● **Task prompt**:
Write out the whole listing exactly as it stands.

● **Source data**:
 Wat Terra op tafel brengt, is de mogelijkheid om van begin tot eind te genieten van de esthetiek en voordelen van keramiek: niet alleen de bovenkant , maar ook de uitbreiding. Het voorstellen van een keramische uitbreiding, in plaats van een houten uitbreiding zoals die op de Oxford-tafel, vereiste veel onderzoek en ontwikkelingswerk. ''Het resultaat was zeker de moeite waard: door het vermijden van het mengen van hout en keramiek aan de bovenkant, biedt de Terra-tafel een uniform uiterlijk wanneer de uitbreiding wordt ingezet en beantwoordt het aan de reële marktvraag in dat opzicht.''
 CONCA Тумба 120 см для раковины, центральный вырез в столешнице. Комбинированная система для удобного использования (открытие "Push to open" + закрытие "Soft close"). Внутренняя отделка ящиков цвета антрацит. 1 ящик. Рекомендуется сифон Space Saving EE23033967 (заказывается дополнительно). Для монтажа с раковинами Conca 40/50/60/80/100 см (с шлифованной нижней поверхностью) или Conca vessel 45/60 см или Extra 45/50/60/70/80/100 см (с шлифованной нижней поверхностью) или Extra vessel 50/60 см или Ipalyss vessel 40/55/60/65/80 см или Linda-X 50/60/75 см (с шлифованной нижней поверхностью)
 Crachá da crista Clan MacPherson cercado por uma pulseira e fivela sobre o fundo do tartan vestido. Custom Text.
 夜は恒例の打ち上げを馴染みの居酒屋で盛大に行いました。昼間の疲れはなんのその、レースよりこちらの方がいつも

● **Answer for the task**:
 Wat Terra op tafel brengt, is de mogelijkheid om van begin tot eind te genieten van de esthetiek en voordelen van keramiek: niet alleen de bovenkant , maar ook de uitbreiding. Het voorstellen van een keramische uitbreiding, in plaats van een houten uitbreiding zoals die op de Oxford-tafel, vereiste veel onderzoek en ontwikkelingswerk. ''Het resultaat was zeker de moeite waard: door het vermijden van het mengen van hout en keramiek aan de bovenkant, biedt de Terra-tafel een uniform uiterlijk wanneer de uitbreiding wordt ingezet en beantwoordt het aan de reële marktvraag in dat opzicht.''
 CONCA Тумба 120 см для раковины, центральный вырез в столешнице. Комбинированная система для удобного использования (открытие "Push to open" + закрытие "Soft close"). Внутренняя отделка ящиков цвета антрацит. 1 ящик. Рекомендуется сифон Space Saving EE23033967 (заказывается дополнительно). Для монтажа с раковинами Conca 40/50/60/80/100 см (с шлифованной нижней поверхностью) или Conca vessel 45/60 см или Extra 45/50/60/70/80/100 см (с шлифованной нижней поверхностью) или Extra vessel 50/60 см или Ipalyss vessel 40/55/60/65/80 см или Linda-X 50/60/75 см (с шлифованной нижней поверхностью)
 Crachá da crista Clan MacPherson cercado por uma pulseira e fivela sobre o fundo do tartan vestido. Custom Text.
 夜は恒例の打ち上げを馴染みの居酒屋で盛大に行いました。昼間の疲れはなんのその、レースよりこちらの方がいつも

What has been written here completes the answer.